I used to hate the winter. Shoveling snow, treacherous driving, the cold, the layers – it seemed like there was no redeeming part of being surrounded by snow and ice.
Growing up on the flat lands of Nebraska and Wisconsin didn’t allow for much exposure to downhill mountain sports. One of my first downhill skiing experiences was down a converted garbage dump and I wasn’t very good at it. So as an adult when I moved to the Wasatch mountains in Utah they seemed surreal at first, like a set on a movie screen. Nothing could be that big.
Years passed. I got married. I still disliked the snow. Then something changed. I watched the Winter X games on TV. The snowboarders, skiers and snowmobilers blew my mind with their tricks, flips and wide faced smiles. I wanted a piece of that joy.

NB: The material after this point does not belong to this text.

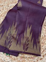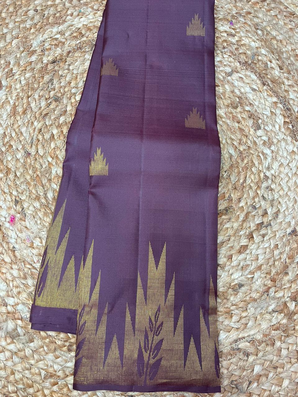 Description : This saree is a stunning piece of traditional Indian attire! 😍 It’s a chocolate brown colour with small gold motifs scattered across the saree. The saree has a striking green border with intricate gold zari. The border features a temple border pattern at the bottom with gold accents and a contrasting green pallu with detailed gold weaving. The combination of chocolate brown, green, and gold gives the saree a rich, and elegant look.

At that time my husband and I desperately wanted a baby. We had tried for 6 months, then a year, then a year and a half and couldn’t get pregnant. After watching the X games I decided if I couldn’t have a baby like I wanted then I would do something else that really wanted. Learn to Snowboard.
Thanks to a Womens Workshop at Brighton resort I did just that. The first lesson I didn’t even make it on the lift. I fell a lot and was sore by the end but I came back the next week and did it again. Then I signed up for the following month.
Something changed in my attitude. Suddenly I had a reason to love the snow. The joy and thrill of gliding down the mountain was new to me and I relished it. That thrill was only possible if the storms kept coming. Snow created so much joy that eventually I became a snowboard instructor and moved my whole family to live within walking distance of a ski resort.
Now my kids are learning to ski and I can hardly wait to see them catch a bit of that joy. Since I’m pregnant this season I will have to sit out. I’m so sad to miss out on the best thing winter has to offer. Snowboarding.